In November 2023, a Hugging Face user asked for two components of Yi-34B to be renamed so that the model would be compatible with third-party codebases developed for Llama 2 by default. Training data is the main reason LLMs differ from one another, and in that regard Meta disclosed no useful details; 01.AI developed and described their own English-Chinese dataset. The similarities between Yi-34B and Llama 2 do not support the argument that Chinese AI firms simply rely on American open models, because all LLMs have extremely similar architecture. Moreover, we note that most of the architectural innovations in Llama 2 came from implementing algorithms that were already known and described in research literature.
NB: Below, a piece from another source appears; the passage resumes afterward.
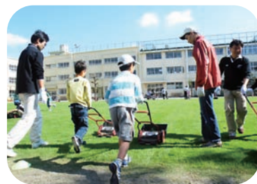
児童との芝刈りの様子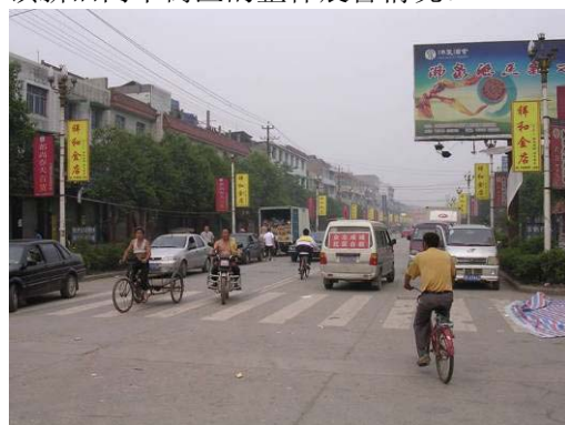
图 2 安县秀水镇新街道震害

An overview of the Hugging Face discussion for non-coders

Like in other pieces of software, language model developers assign names to software components in order to reference them later. For example, the first layer of a neural network is often named layer_one. Importantly, the actual name has no semantic content. It's just a symbol to refer to a particular piece of the software. However, these names are very important for interoperability between developers. If two people train neural networks but one calls the first layer layer_one and the other calls the first layer layer_1, then it can be very inconvenient for a third-party piece of code to interact with both of them, because the third-party code needs to be able to refer to the components by name.
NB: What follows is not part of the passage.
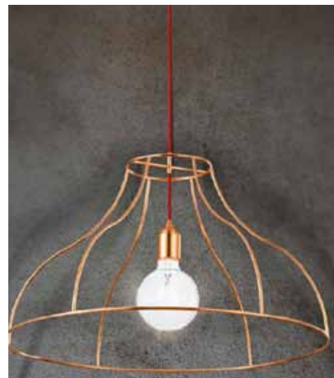
Fan Europe Frida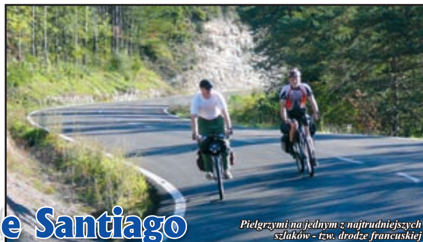
Pielgrzymi na jednym z najtrudniejszych szlaków - tzw. drodze francuskiej

When 01.AI uploaded Yi-34B to the Hugging Face Hub, they used a different naming convention than Meta. This meant that third party code designed to interact with Llama 2 didn't work with 01.AI’s model. This can be fixed by each third party developer tweaking their code, but across all third party developers this would cumulatively result in a lot of work. The purpose of the HF issue was to request 01.AI rename the components to avoid this overhead.
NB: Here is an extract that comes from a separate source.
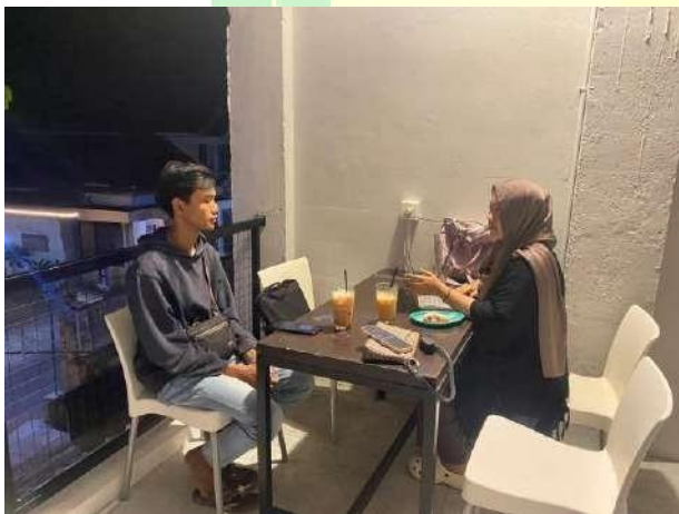
Gambar 5.5 Wawancara narasumber

These kinds of compatibility issues are common in open source releases, and are not evidence of nefarious intent nor of 01.AI relying on Llama to train their model. EleutherAI has experienced it with many of our early model releases, and now we do compatibility checks as part of our standard pre-release review.

Nevertheless, a number of media outlets blew the Hugging Face issue out of proportion, claiming in November that 01.AI had willfully concealed the connection between its leading model and Llama 2. These hyperbolic claims received little attention in the machine learning community.

How all LLMs are similar

At a high level, every existing large language model is currently trained using the same basic techniques and methodologies. The developer starts with a large dataset of text on the web, separated out into individual word-like components called "tokens." Then, a deep learning architecture (almost always a basic Transformer, as introduced by Attention Is All You Need (Vaswani et al. 2017) is trained to fit to the dataset by optimizing a loss function causing the neural network to predict the most likely next token that comes next in the dataset. This process is referred to as “pretraining.”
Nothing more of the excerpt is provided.